I find the reads (at least for the SAS-mirror) lacking. Should be more? Is this a truenas-thing or should I look for something in the network?
iperf3 gives about 8.8Gbps between vm and truenas.

There's also a second truenas-box (Dell T3620 IIRC) with a much lower spec CPU and less ram. Same Samsung MZ7KH in mirror and it gives same performance as well.

Should I be getting some nvme instead? I kinda was expecting to saturate the sata-ssd bandwith to somewhere around 500MBps
 

dragonme

Active Member
Apr 12, 2016
352
28
28
I am not an expert but some observations...

first .. NFS is a forced sync-write file system.. so each of those 16k bs writes you are issuing have to be sent and acknolaged as written to DISC not ZIL (zfs first writes to zil 'fast' then clean writes again in a better place... so that slows things down considerably.. providing that is the bottleneck which given the ram and cpu spec, and network sounds likely...

to test you can 'temporarily' turn off sync on that dataset.. even. in a all in one setup where truenas / zfs is on the same esxi host and doing virtual networking inside the same box.. I leave sync on... as any vm crash etc could result in corrupt writes..

if turning off sync ie disabled.. speeds things up.. which is highly likely.. then your options are get faster storage with faster iops... optimize your block sizes to maximize writes/network traffic.. or add a SLOG device which should be a enterprise power safe NVME or mirror of such to give a small pool of write area for the NFS sync writes.. on a 10g interlink.. I would think 20GB should be plenty..

over provision this storage to give it some longevity as EVERY sync write to the pool you attach the SLOG to will be written there first...
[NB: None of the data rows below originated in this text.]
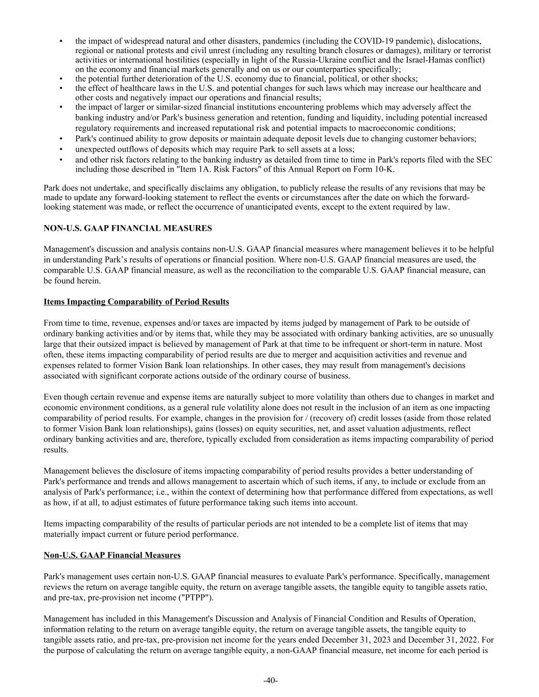 • the impact of widespread natural and other disasters, pandemics (including the COVID-19 pandemic), dislocations, regional or national protests and civil unrest (including any resulting branch closures or damages), military or terrorist activities or international hostilities (especially in light of the Russia-Ukraine conflict and the Israel-Hamas conflict) on the economy and financial markets generally and on us or our counterparties specifically; • the potential further deterioration of the U.S. economy due to financial, political, or other shocks; • the effect of healthcare laws in the U.S. and potential changes for such laws which may increase our healthcare and other costs and negatively impact our operations and financial results; • the impact of larger or similar-sized financial institutions encountering problems which may adversely affect the banking industry and/or Park's business generation and retention, funding and liquidity, including potential increased regulatory requirements and increased reputational risk and potential impacts to macroeconomic conditions; • Park's continued ability to grow deposits or maintain adequate deposit levels due to changing customer behaviors; • unexpected outflows of deposits which may require Park to sell assets at a loss; • and other risk factors relating to the banking industry as detailed from time to time in Park's reports filed with the SEC including those described in "Item 1A. Risk Factors" of this Annual Report on Form 10-K. Park does not undertake, and specifically disclaims any obligation, to publicly release the results of any revisions that may be made to update any forward-looking statement to reflect the events or circumstances after the date on which the forward- looking statement was made, or reflect the occurrence of unanticipated events, except to the extent required by law. NON-U.S. GAAP FINANCIAL MEASURES Management's discussion and analysis contains non-U.S. GAAP financial measures where management believes it to be helpful in understanding Park’s results of operations or financial position. Where non-U.S. GAAP financial measures are used, the comparable U.S. GAAP financial measure, as well as the reconciliation to the comparable U.S. GAAP financial measure, can be found herein. Items Impacting Comparability of Period Results From time to time, revenue, expenses and/or taxes are impacted by items judged by management of Park to be outside of ordinary banking activities and/or by items that, while they may be associated with ordinary banking activities, are so unusually large that their outsized impact is believed by management of Park at that time to be infrequent or short-term in nature. Most often, these items impacting comparability of period results are due to merger and acquisition activities and revenue and expenses related to former Vision Bank loan relationships. In other cases, they may result from management's decisions associated with significant corporate actions outside of the ordinary course of business. Even though certain revenue and expense items are naturally subject to more volatility than others due to changes in market and economic environment conditions, as a general rule volatility alone does not result in the inclusion of an item as one impacting comparability of period results. For example, changes in the provision for / (recovery of) credit losses (aside from those related to former Vision Bank loan relationships), gains (losses) on equity securities, net, and asset valuation adjustments, reflect ordinary banking activities and are, therefore, typically excluded from consideration as items impacting comparability of period results. Management believes the disclosure of items impacting comparability of period results provides a better understanding of Park's performance and trends and allows management to ascertain which of such items, if any, to include or exclude from an analysis of Park's performance; i.e., within the context of determining how that performance differed from expectations, as well as how, if at all, to adjust estimates of future performance taking such items into account. Items impacting comparability of the results of particular periods are not intended to be a complete list of items that may materially impact current or future period performance. Non-U.S. GAAP Financial Measures Park's management uses certain non-U.S. GAAP financial measures to evaluate Park's performance. Specifically, management reviews the return on average tangible equity, the return on average tangible assets, the tangible equity to tangible assets ratio, and pre-tax, pre-provision net income ("PTPP"). Management has included in this Management's Discussion and Analysis of Financial Condition and Results of Operation, information relating to the return on average tangible equity, the return on average tangible assets, the tangible equity to tangible assets ratio, and pre-tax, pre-provision net income for the years ended December 31, 2023 and December 31, 2022. For the purpose of calculating the return on average tangible equity, a non-GAAP financial measure, net income for each period is -40-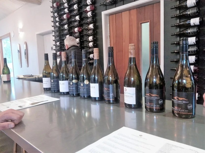 Many Lawsons Dry Hills vintages and labels during a wine tour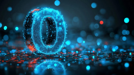 Glowing Digital 3D Number Zero on a Futuristic Abstract Background, Technology Concept.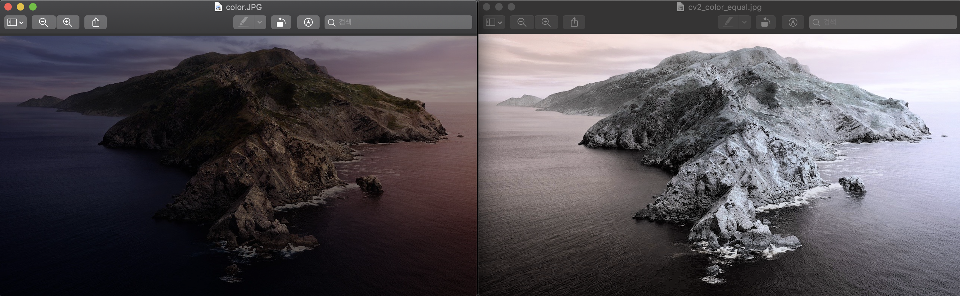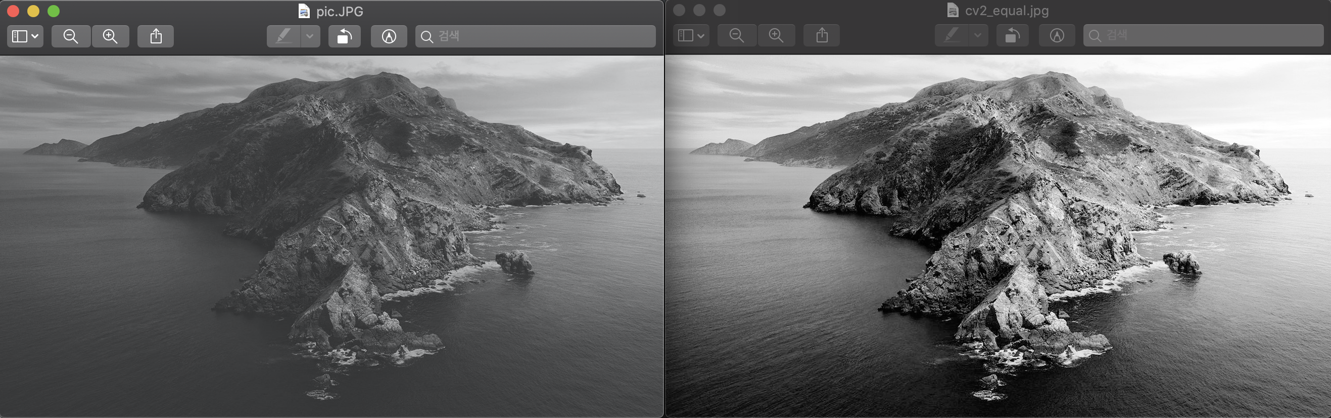 왼쪽은 원본 사진, 오른쪽은 equalize 시킨 사진입니다.

also. NFS3 or NFS4 ? depending on your workload .. you could see performance differences..
 

nabsltd

Well-Known Member
Jan 26, 2022
689
480
63
or add a SLOG device which should be a enterprise power safe NVME or mirror of such to give a small pool of write area for the NFS sync writes..
Remember that SLOG is not a cache. It can help if the average ingest through the network is slower than the speed of the underlying pool, but if the pool is slower than the network, and you are writing for long enough, eventually the speed over the network will be slowed to match the speed of the pool.
 

dragonme

Active Member
Apr 12, 2016
352
28
28
Remember that SLOG is not a cache. It can help if the average ingest through the network is slower than the speed of the underlying pool, but if the pool is slower than the network, and you are writing for long enough, eventually the speed over the network will be slowed to match the speed of the pool.
it IS a cache in the sense that it is a much faster place for the SYNC write to land and get ACK so the next sync write can be sent via NFS.. and a NVME SLOG will be way more performant that the pool he has mentioned or the 10g ethernet.. that is wait for it, why SUN implemented SLOG in the first place..
 

nabsltd

Well-Known Member
Jan 26, 2022
689
480
63
it IS a cache in the sense that it is a much faster place for the SYNC write to land and get ACK so the next sync write can be sent via NFS.
Except that it isn't cache in that data is (almost) never read from SLOG (only on pool import after a crash). Data is written from RAM to the actual pool, and once data has been in RAM for 5 seconds (the default), it must be written to the pool. So, with 10Gbps network, SLOG only helps for the first 5-6GB of data. After that, sync writes are not returned as complete until data waiting in RAM is written, and this is limited by the speed of the underlying pool.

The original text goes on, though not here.